Em Blumenau, Enmanuel, os irmãos e as esposas conseguiram trabalho, até porque são jovens e conseguem os chamados “empregos braçais”. Porém, o pai, que já tem mais idade, segue em busca de conseguir trabalhar na área em que é especialista e tem experiência: a neurocirurgia.
Formado na especialidade em 1994, Diover trabalhou com a especialização por cerca de 20 anos, em um hospital público. “Problemas políticos”, como ele mesmo aponta, fizeram com que ele deixasse o hospital e atuasse apenas em um posto de saúde.
Ele não poupou críticas ao governo de Nicolás Maduro. “Maduro vive o capitalismo mais forte que existe, mas deixa o povo no socialismo mais podre”. Além de trabalhar como médico, o homem também tem experiência como professor em pós-graduação, na especialidade de neurocirurgia.

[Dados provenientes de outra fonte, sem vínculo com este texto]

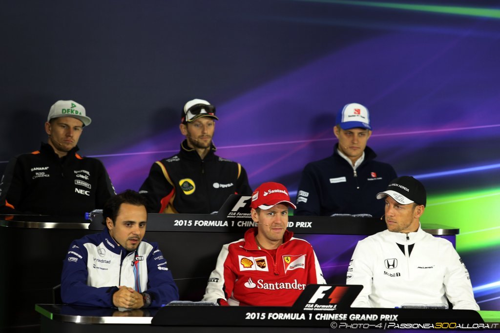 Vi riportiamo sinteticamente quanto detto dai piloti nella conferenza stampa del giovedì a Shanghai. I piloti presenti erano Marcus Ericsson (Sauber), Nico Hulkenberg (Force India), Romain Grosjean (Lotus), Felipe Massa (Williams), Sebastian Vettel (Ferrari) e Jenson Button (McLaren).

“Eu tenho capacidade, tenho conhecimento, experiência, mas aqui não posso trabalhar enquanto não fizer o Revalida. E eu acho bom ter esse Revalida, o problema é que as provas não acontecem”, destaca Diover, falando ainda em portunhol, pois está aprendendo o português.
Aliás, idioma que ele vem estudando sozinho.
“Vejo novelas, pratico com o youtube, falo com as pessoas na rua. Esse é o jeito certo de aprender. Gosto que me corrijam quando eu falo errado, e assim vai”, destaca o homem.
Estudar é o que ele mais vem fazendo nesse quase um ano no Brasil. Como aguarda os exames do Revalida, ele está buscando se aprimorar ainda mais na teoria, para não ter dificuldade nas provas.
“A medicina de lá é igual. Lá e aqui há muita base na medicina norte-americana. Mas posso dizer que estou estudando medicina de novo porque, na prática, sei que não terei problema nenhum. São mais de 20 anos de experiência, mas nas provas tenho que ir bem”, afirmou.
Diover conta que todos os dias ele consulta o site do Inep para saber se iniciam as inscrições pra fazer a prova e se marcam datas para que ele possa fazê-la. Ele já foi até a Furb, em Blumenau, conhece a Univali em Itajaí, a UFSC em Florianópolis, ou seja, sabe onde existem cursos de medicina, e já procurou orientações nestes locais, mas sempre volta com a resposta de que “não sabem quando terá a próxima prova”.
O Revalida é um exame que valida o diploma de médicos formados em outros países para que eles possam exercer a profissão no Brasil. O último ano de aplicação foi 2017.
No ano passado, o governo federal anunciou que faria a prova em 2020, mas as datas e informações para inscrições ainda não foram divulgadas. Estima-se que 15 mil médicos formados em outros países aguardam para revalidar seus diplomas.
Diover relata, mesmo com as dificuldades que existem na Venezuela, que diversas vezes já pensou em retornar, pelo amor que tem pela medicina.
“Eu vim pra cá porque meu filho me pediu muito. Mas eu penso às vezes em voltar. Lá eu tenho trabalho, lá posso ser neurocirurgião. E eu tenho muito pra dar ainda”, conta Diover, com lágrimas nos olhos, ao falar sobre a profissão.
Ele também tem orgulho em dizer que tem outra filha que é neurocirurgiã, mas mora em Manaus, onde ainda não pode exercer a profissão. Além dela, existe outra que está estudando anestesiologia na Venezuela.
“Tenho 12 filhos. Alguns estão no Brasil, outros seguem lá na Venezuela. Mas vários tem formações e outros ainda vou formar”, conta.
Em Blumenau ele mora no bairro Salto do Norte, onde possui vários vizinhos também venezuelanos, e próximo ao filho Enmanuel. Na quitinete alugada, também vivem a esposa, que é formada em enfermaria, e uma filha de 16 anos. Ambas trabalham na Hemmer. A mulher o dia inteiro, a filha, como menor aprendiz.
“Hoje a gente se sustenta com o trabalho dela. Isso também me deixa triste. Porque quero trabalhar, mas quem vai querer? To cheio de problemas, artrite, artrose… e minha profissão é neurocirurgião, eu quero continuar fazendo isso”, conclui.